→ Work to be completed:
Exclude all pictures from your copy of the data below, which should otherwise match exactly.

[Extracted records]
=== Begin Enclosure ===
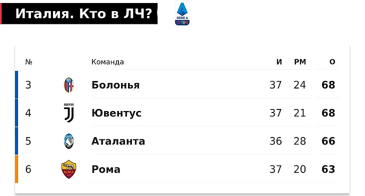 Зафиналим: если «Аталанта» войдет в топ-4, бонусный слот победителя ЛЧ ей не понадобится, из Серии А в Лигу чемпионов попадут пять первых команд (то есть с дополнительного пятого места пробьется тот, кого «Аталанта» из первой четверки вытолкнет, «Болонья» или «Ювентус»), а «Рома» выйдет в Лигу Европы.
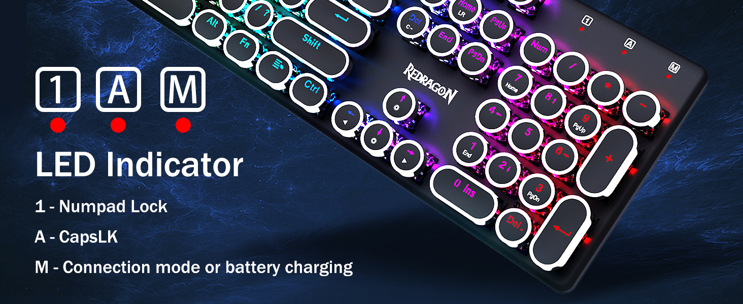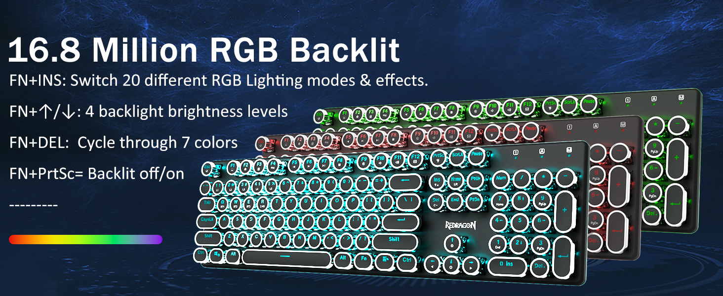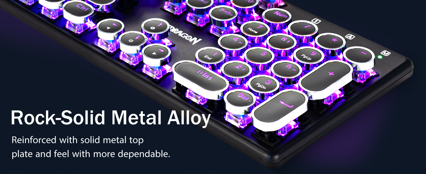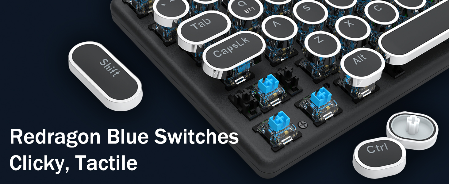 𝗥𝗲𝘁𝗿𝗼 𝗧𝘆𝗽𝗲𝘄𝗿𝗶𝘁𝗲𝗿 𝗦𝘁𝘆𝗹𝗲 𝘄𝗶𝘁𝗵 𝗠𝗲𝗰𝗵𝗮𝗻𝗶𝗰𝗮𝗹 𝗞𝗲𝘆𝘀 -Les commutateurs bleus mécaniques Redragon offrent une résistance moyenne, un son de clic audible et un retour tactile, offrent un environnement et des performances de jeu réactifs et précis. Les touches rondes du clavier steampunk vintage ressemblent à une machine à écrire classique, vous apportent une sensation de frappe confortable et un toucher de clic stable.
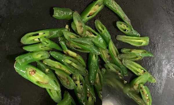 將辣椒片放入鍋中,烤得均勻後,就可以撈出鍋瞭。味道很好吃。超級好吃。老公吃瞭一大碗飯,一粒米都沒有。做法也很簡單,味道也很好。特別適合懶人。不需要準備太多的調料和配料,也不需要醃肉。把它放在鍋裡炸一下就可以瞭。
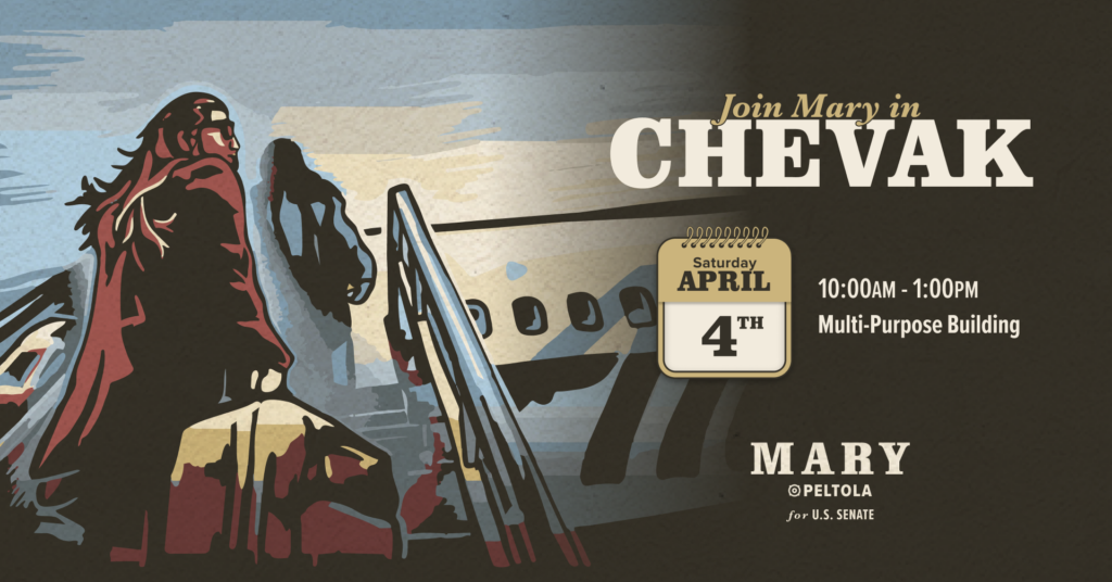 Mary Peltola is heading out on the road and will be in Chevak on Saturday, April 4th.
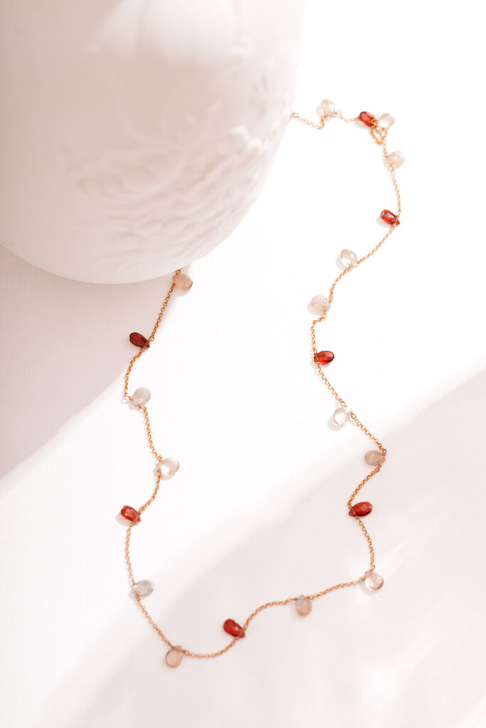 Ασημένιο επιχρυσωμένο κολίε με γρανάδες και καπνια στο σχήμα σταγόνας.
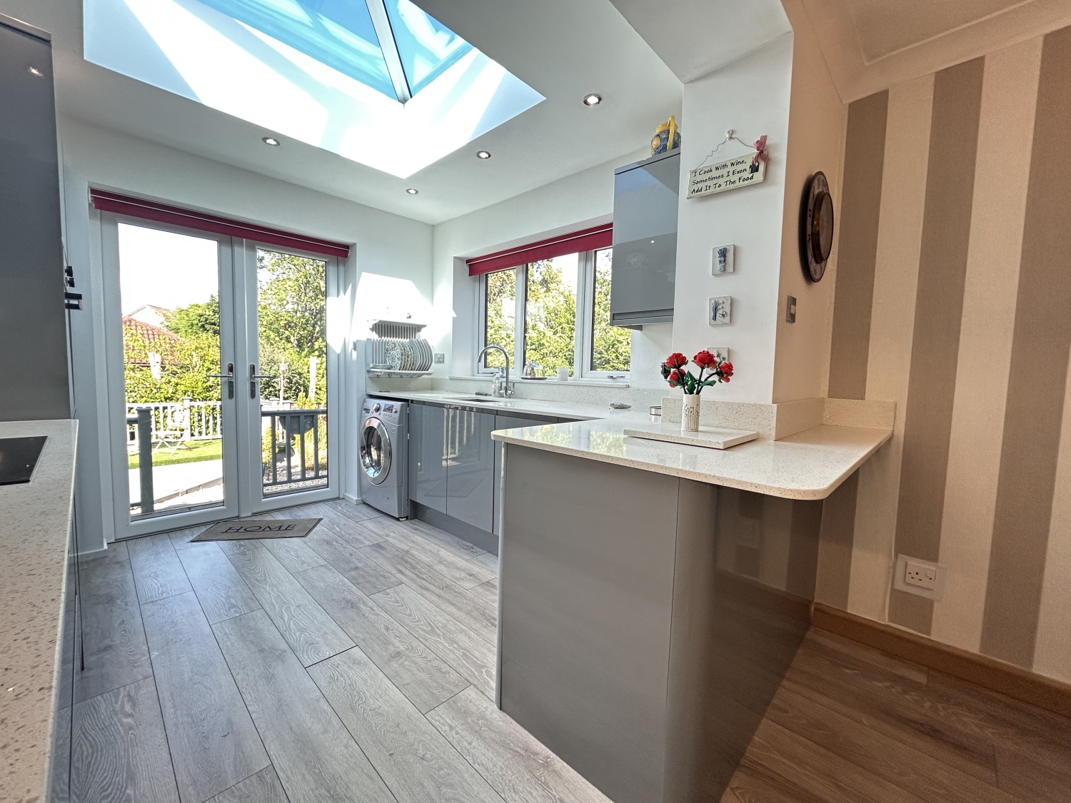 This beautifully presented and significantly extended semi-detached bungalow offers stylish, spacious living in a peaceful residential setting. Thoughtfully remodelled to create a flowing layout and enhanced by a striking kitchen extension, the property is ready for immediate occupation.
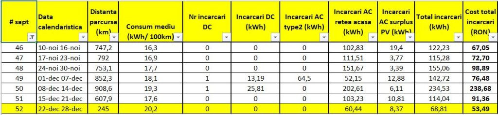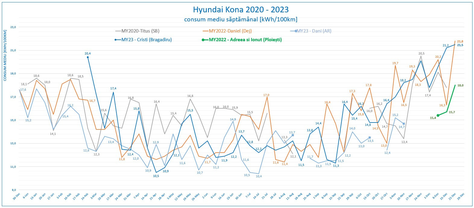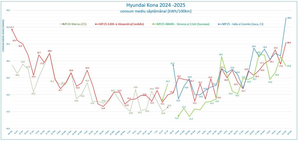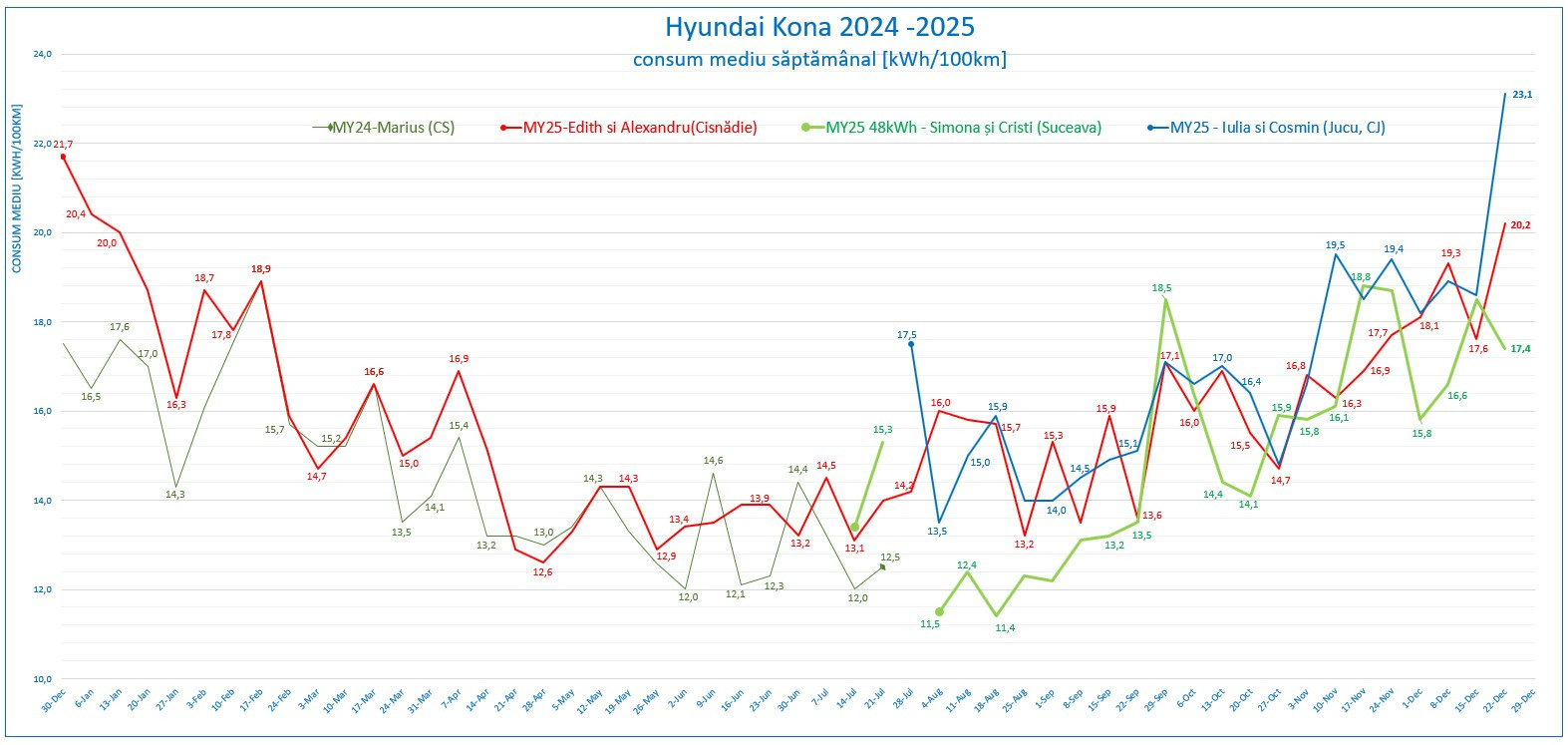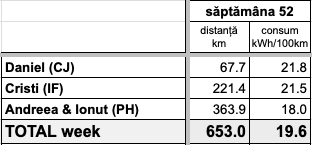 Cele trei #konițe care au raportat date pentru ultima săptămână din 2025 au parcurs 653 km cu un consum de 19.6 kWh/100 km. Consum tras în jos de echipa Andreea și Ionuț, drumurile lor mai lungi s-au finalizat cu un consum mai mic, după cum bine se vede.
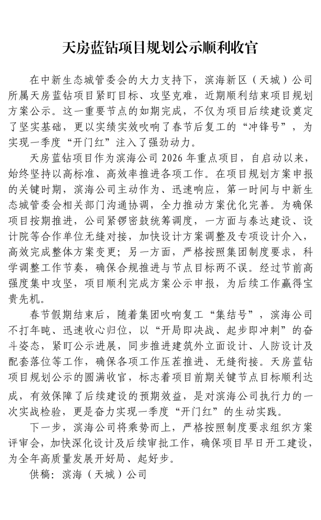 天房蓝钻项目规划公示顺利收官
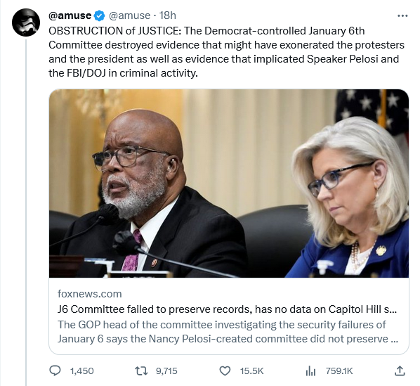 You missed the point TJ. Why was the J6 committee hiding information? They were a Congressional committee. They had a legal duty to preserve all information which they received. That the J6 committee was a lynch mob with no opposing voices on it, that is simply a statement of fact.
=== End Enclosure ===
→ Task result:
 Зафиналим: если «Аталанта» войдет в топ-4, бонусный слот победителя ЛЧ ей не понадобится, из Серии А в Лигу чемпионов попадут пять первых команд (то есть с дополнительного пятого места пробьется тот, кого «Аталанта» из первой четверки вытолкнет, «Болонья» или «Ювентус»), а «Рома» выйдет в Лигу Европы.
 𝗥𝗲𝘁𝗿𝗼 𝗧𝘆𝗽𝗲𝘄𝗿𝗶𝘁𝗲𝗿 𝗦𝘁𝘆𝗹𝗲 𝘄𝗶𝘁𝗵 𝗠𝗲𝗰𝗵𝗮𝗻𝗶𝗰𝗮𝗹 𝗞𝗲𝘆𝘀 -Les commutateurs bleus mécaniques Redragon offrent une résistance moyenne, un son de clic audible et un retour tactile, offrent un environnement et des performances de jeu réactifs et précis. Les touches rondes du clavier steampunk vintage ressemblent à une machine à écrire classique, vous apportent une sensation de frappe confortable et un toucher de clic stable.
 將辣椒片放入鍋中,烤得均勻後,就可以撈出鍋瞭。味道很好吃。超級好吃。老公吃瞭一大碗飯,一粒米都沒有。做法也很簡單,味道也很好。特別適合懶人。不需要準備太多的調料和配料,也不需要醃肉。把它放在鍋裡炸一下就可以瞭。
 Mary Peltola is heading out on the road and will be in Chevak on Saturday, April 4th.
 Ασημένιο επιχρυσωμένο κολίε με γρανάδες και καπνια στο σχήμα σταγόνας.
 This beautifully presented and significantly extended semi-detached bungalow offers stylish, spacious living in a peaceful residential setting. Thoughtfully remodelled to create a flowing layout and enhanced by a striking kitchen extension, the property is ready for immediate occupation.
 Cele trei #konițe care au raportat date pentru ultima săptămână din 2025 au parcurs 653 km cu un consum de 19.6 kWh/100 km. Consum tras în jos de echipa Andreea și Ionuț, drumurile lor mai lungi s-au finalizat cu un consum mai mic, după cum bine se vede.
 天房蓝钻项目规划公示顺利收官
 You missed the point TJ. Why was the J6 committee hiding information? They were a Congressional committee. They had a legal duty to preserve all information which they received. That the J6 committee was a lynch mob with no opposing voices on it, that is simply a statement of fact.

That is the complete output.